Bien que le test, uniquement réalisé sur des rongeurs, est à prendre avec un peu d'esprit critique, les sages-femmes suisses transmettront la nouvelle recommandation. «Nous informerons et accompagnerons les mères vers les alternatives possibles pour que l’allaitement se passe dans les meilleures conditions, et soutiendrons les femmes dans leurs choix», assure Emanuela Gerhard.
Astuces plus que centenaires
Au fil des siècles, ces «astuces» échangées entre femmes, puis transmises par les sages-femmes, se sont multipliées. Loin des lois de la médecine conventionnelle, ces «petits trucs et astuces» servent surtout à prendre soin de soi, à «avoir une part proactive pour son propre bien être, se sentir une maman investie», considère Emanuela Gerhard.
Ces astuces risquent-elles d'être bannies à leur tour? Pour l'instant, rien à signaler. Sont-elles efficaces, en revanche? Petit éclairage sur trois grands classiques.
Manger du chou pendant l'allaitement cause des coliques
«Si les proportions sont correctes, il n'y a pas de problème. Les mères doivent idéalement manger équilibré, diversifié et de saison, rappelle la co-vice-présidente de la FSSF. Les aliments sont digérés, métabolisés, le travail du corps humain est impressionnant.»
Donc non, manger des choux de Bruxelles avec un plat ne va pas donner de colique au bébé. «Il faudrait en ingérer des quantités disproportionnées pour que la digestion de la maman et du bébé soit impactée.» Évitez donc de consommer 3 kilos de chou par jour et ça devrait aller.
Par ailleurs, un bébé qui a des coliques a très probablement d'autres soucis, souligne la sage-femme. Il peut avaler trop d'air pendant la tétée. Ou être particulièrement agité ou nerveux. Ce qui n'a pas de lien direct avec l'alimentation de la mère.
Eviter le persil durant le premier trimestre de grossesse
«Le persil est abortif», annonce d'emblée la sage-femme.
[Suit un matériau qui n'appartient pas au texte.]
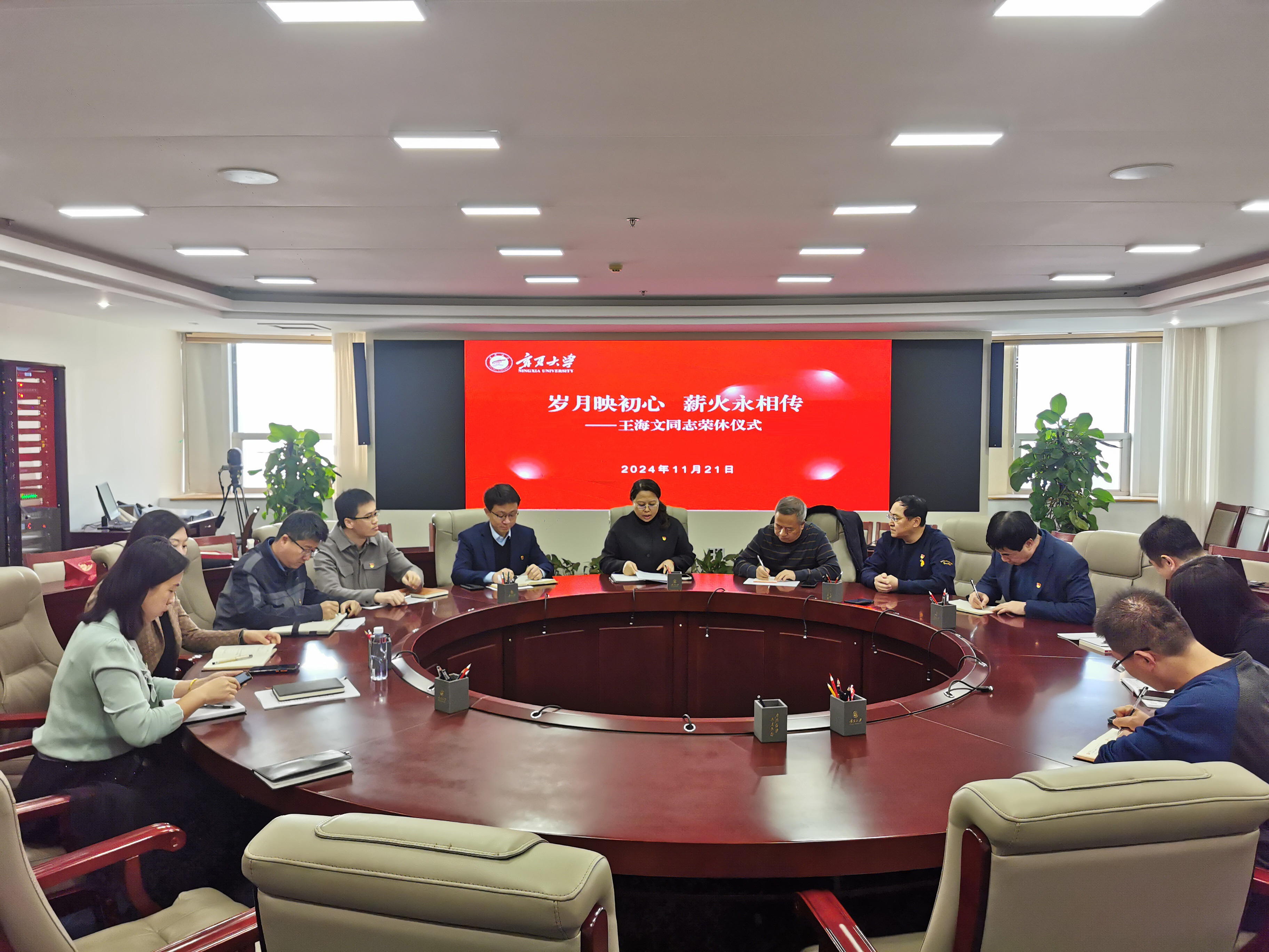 【永利集团304官网新闻中心讯 党委组织部】11月21日,组织部为专职组织员王海文同志举行了荣誉退休仪式,校党委常委、组织部部长张永丽主持仪式,组织部党员干部、全体组织员参加了仪式。仪式上,蔡勇介绍了王海文同志的工作履历,张永丽代表组织部向王海文同志颁发了光荣退休纪念牌。王海文同志深情回顾了个人见证、参与学校发展的点滴历程和真切细致的个人感悟,既有对过往岁月的怀念,也有对年轻同志的殷切期望,句句饱含着对教育事...

La plante contient une substance qui peut provoquer des contractions. Mais là encore, il faudrait en manger des quantités absurdes. «Trois brins de persil sur une pomme de terre n'auront pas d'impact... Il faut se munir de bon sens et rassurer les mamans qui pourraient craindre d'avoir mal agi en mangeant quelques feuilles de persil dans une salade.»
Les feuilles de framboisier pour provoquer l'accouchement
«Le corps humain est bien fait. Durant la grossesse et au moment de l'accouchement, une alchimie hormonale extraordinaire s'opère.» La sage-femme insiste sur le fait qu'un accouchement est totalement individuel, et que ces «plus» servent surtout à se préparer «comme pour un examen. C'est tellement important ce moment de vie, on a envie de bien faire.»
Consommer ou pas des feuilles de framboisier, masser ou pas son périnée, faire ou non du yoga prénatal... Finalement, l'accouchement se déroulera comme il doit se dérouler, en fonction de multiples facteurs. L'idée étant qu'on ne peut pas mal faire, et que les femmes — petit rappel après la journée internationale des droits de la femme — devraient arrêter de culpabiliser.